══ Dataset content ══

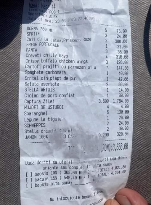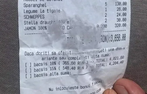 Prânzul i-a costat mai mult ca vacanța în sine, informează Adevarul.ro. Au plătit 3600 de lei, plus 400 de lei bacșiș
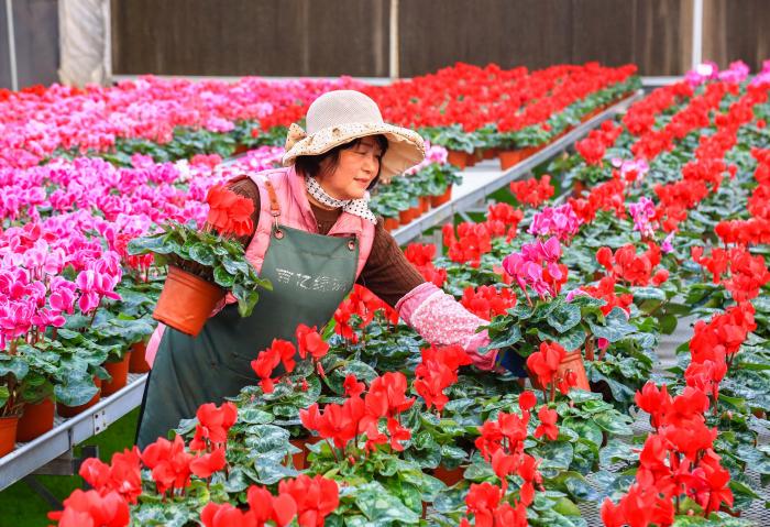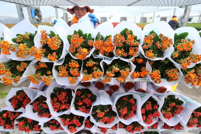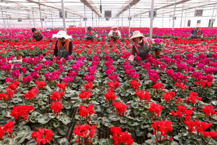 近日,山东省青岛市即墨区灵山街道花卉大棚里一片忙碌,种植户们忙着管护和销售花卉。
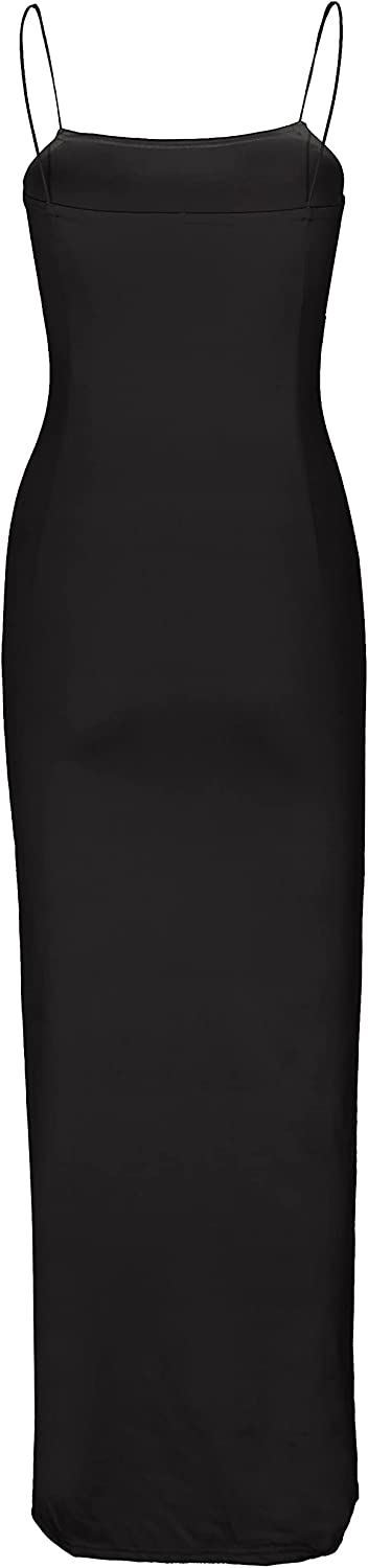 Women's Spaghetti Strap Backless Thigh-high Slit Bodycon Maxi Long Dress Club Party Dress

═══

-- Description of the task --
Copy out, with no pictures, the lines from the one containing "近日,山东省青岛市即墨区灵山" through the last line of the data above, both ends included and each word unchanged.

-- Answer for the task --
 近日,山东省青岛市即墨区灵山街道花卉大棚里一片忙碌,种植户们忙着管护和销售花卉。
 Women's Spaghetti Strap Backless Thigh-high Slit Bodycon Maxi Long Dress Club Party Dress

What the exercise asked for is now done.